At Whitefield, a sprawling tech hub that is the India home for some of the largest tech companies in the world and also arguably home to some of the largest labour populations, a senior police official had a dire prognosis: “There is considerable resentment. We can convince them to stay put for a couple of days. But, we fear it'll boil over in a couple of days.”
A migrant city
Bengaluru’s rapid growth, which is among the fastest-growing cities in the country, has come on the backs of hundreds of thousands of migrants. The Census 2011 figures estimate that 8.9 percent of the city’s — or, nearly 7.5 lakh of Bengaluru’s then 85 lakh population — had migrated into the city for work recently (less than nine years). This may be a considerable underestimation.
Their desperation to return is seen in the applications for train tickets, which is done through an online form developed by the state government. While over 2.13 lakh migrant workers in the state had registered to return home, barely 9,600 workers had boarded inter-state trains between 3 and 5 May.
On 5 May, members of the real estate body Confederation of Real Estate Developers’ Association of India (CREDAI) met with Karnataka chief minister BS Yediyurappa. Along with their demands, which included restarting of construction work as well as free movement of workers between building sites, they expressed a fear of an exodus of migrant labour.
“Workers should understand that if they go home they'll be quarantined and can't work. Here, they will get work and steady income now that construction can begin," says Suresh Hari, president of CREDAI’s Bengaluru chapter who says more should be done to “counsel” workers.
While BJP leaders have called the cancellation of migrant movements as a “bold move”, over 500 labour unions, organisations and individuals have slammed it as a capitulation of the state government to “appease” the building lobby.

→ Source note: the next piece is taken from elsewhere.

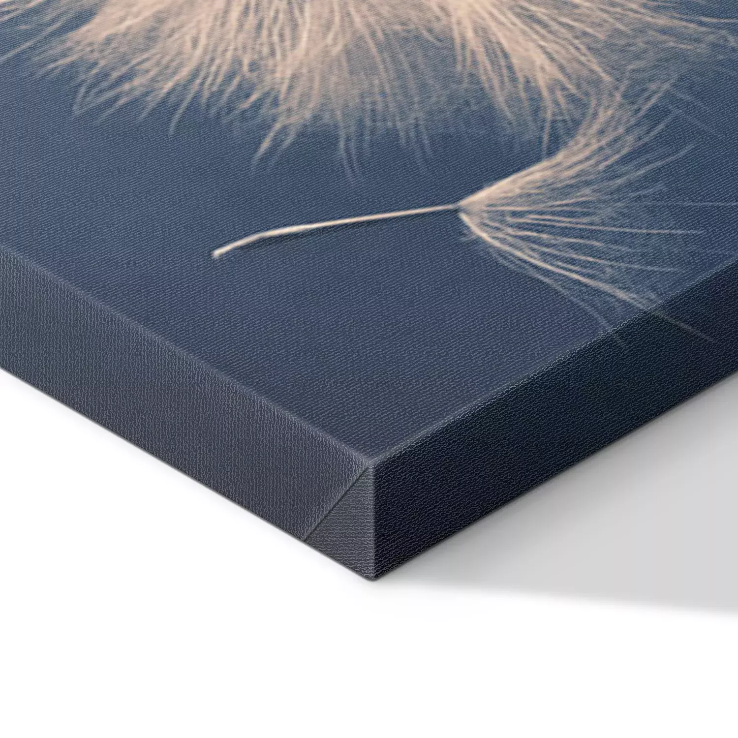 De print wordt aangebracht op hoogwaardig canvas dat op een schildersweefgetouw (spieraam) wordt gespannen. Omdat de print de zijranden bedekt, hoeft het ontwerp niet met een extra kader te worden omlijst. Wij raden ook composities aan die uit meerdere foto's bestaan en zo een coherente compositie vormen.

“By not giving the option to take trains back home, the state government has effectively curtailed the fundamental rights of workers, including their freedom of movement and work. This is forced labour,” says Clifton Rosario, an advocate with Manthan Law Chambers who filed an application against the state government’s orders in the Karnataka High Court. “The Ministry of Home Affairs allows for the movement of workers between states. Karnataka’s decision to hold them against their will here just so that cheap labour is available in building sites is grossly illegal,” he says.
Searching for a way home
Far away from the machinations of policy decisions are thousands of migrants who spend their days shuttling from police station to the railway station to their temporary homes in the hope of a passage out of Bengaluru.

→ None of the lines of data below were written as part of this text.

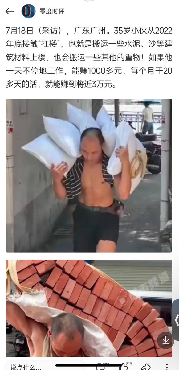 墙国正能量新故事,35岁“小伙”扛大包,月入3万元。
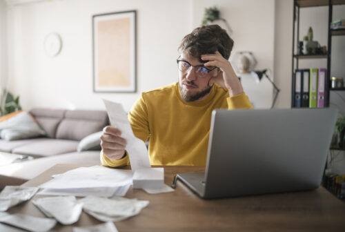 Stressed and helpless man at home worrying about the high bills. Inflation concept
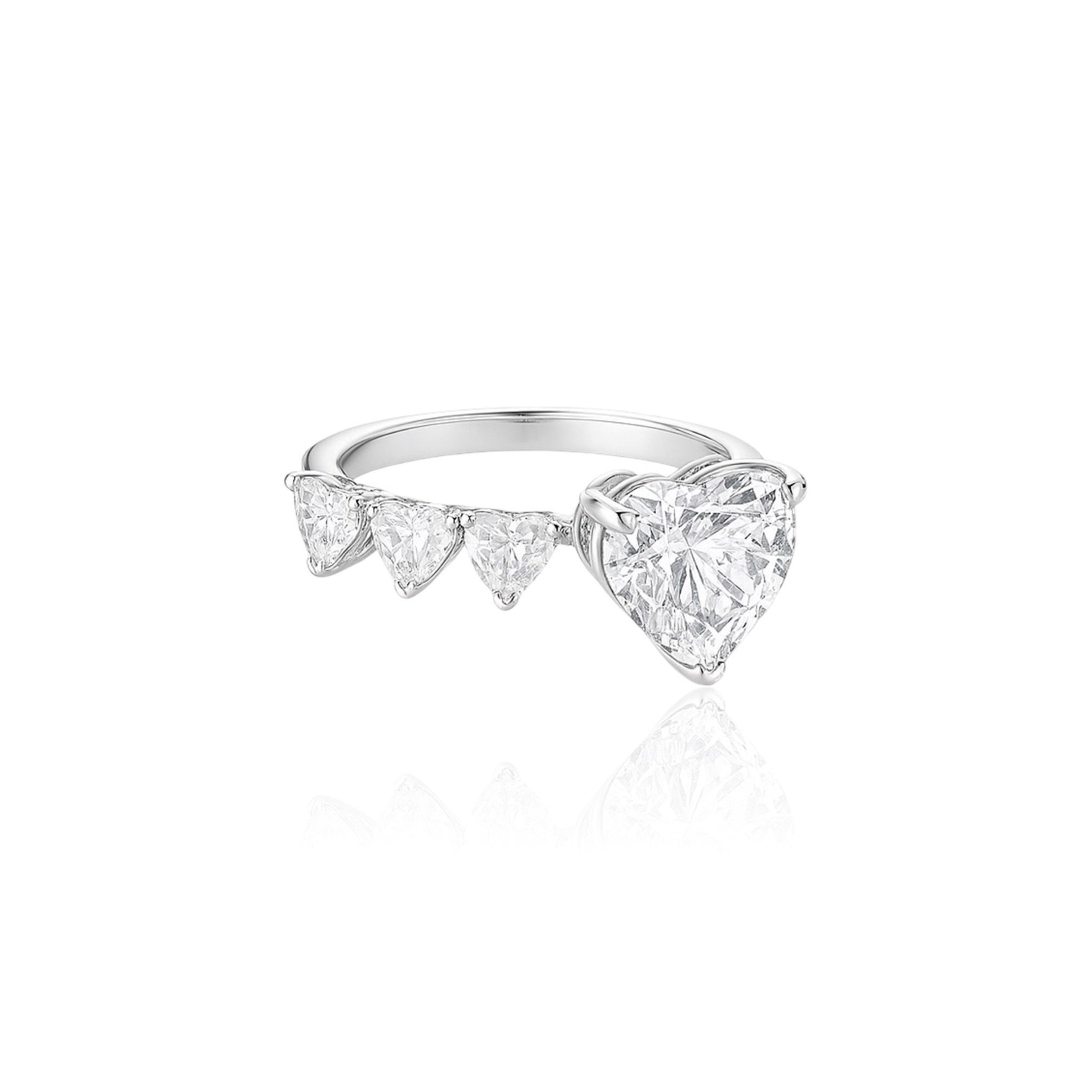 This open ring design features a large heart-cut centre stone on one side, balanced by three smaller heart-shaped stones on the other. The asymmetrical silhouette creates a playful yet refined look, ideal for stacking or wearing as a standalone statement. Crafted in precious metals with claw-set stones. Available in all Atlas Carré signature colours.

At KSR Bengaluru Railway Station, labourers continue to clutch to hope and arrive in groups. They stop to observe an event where volunteers shower roses as a gesture of appreciation to bus drivers who were ferrying persons travelling home to other districts in the state.

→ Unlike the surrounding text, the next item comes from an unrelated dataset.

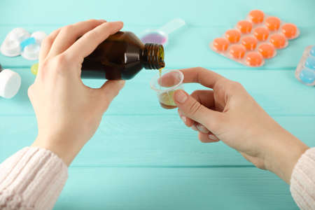 Woman pouring cough syrup into measuring cup at turquoise wooden table, closeup
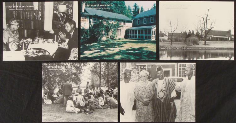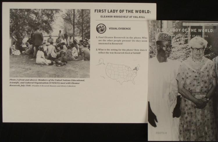 This is a set of 8 1/4" x 10 1/2" photo cards from a series titled "First Lady of the World: Eleanor Roosevelt at Val-Kill." The photos show her welcoming international visitors to her family cottage retreat. Eleanor Roosevelt sometimes hosted workshops for Encampment for Citizenship here. Each photo has information on back, and questions that show these were used for educational purposes. They are in excellent condition.

But for inter-state migrants, they are greeted with police barricades that have shut off entrances to Bengaluru’s central railway station.
Bipul Gamago, a Saora tribal community from Gajapati district in Odisha, had paid Rs 550 to travel here from his dry-cleaning centre on the outskirts of the city towards the station. “I saw in an Odiya news channel that trains were running between states. We came here thinking we can go back,” says Bipul. “There is no work, there is no money. We have to go back somehow.”
Shabab Ali, 28-year-old, had already spent the day travelling from his home to a police station where he hoped to register for a train ticket, and then to the Central Railway Station. He had migrated from Amroha district in Uttar Pradesh in February to work in the construction of a large hospital. He had already spent Rs 500 travelling. “I’m worried sick about my family. I have to go back now even if it means I’ll end up spending all my earnings,” Ali says.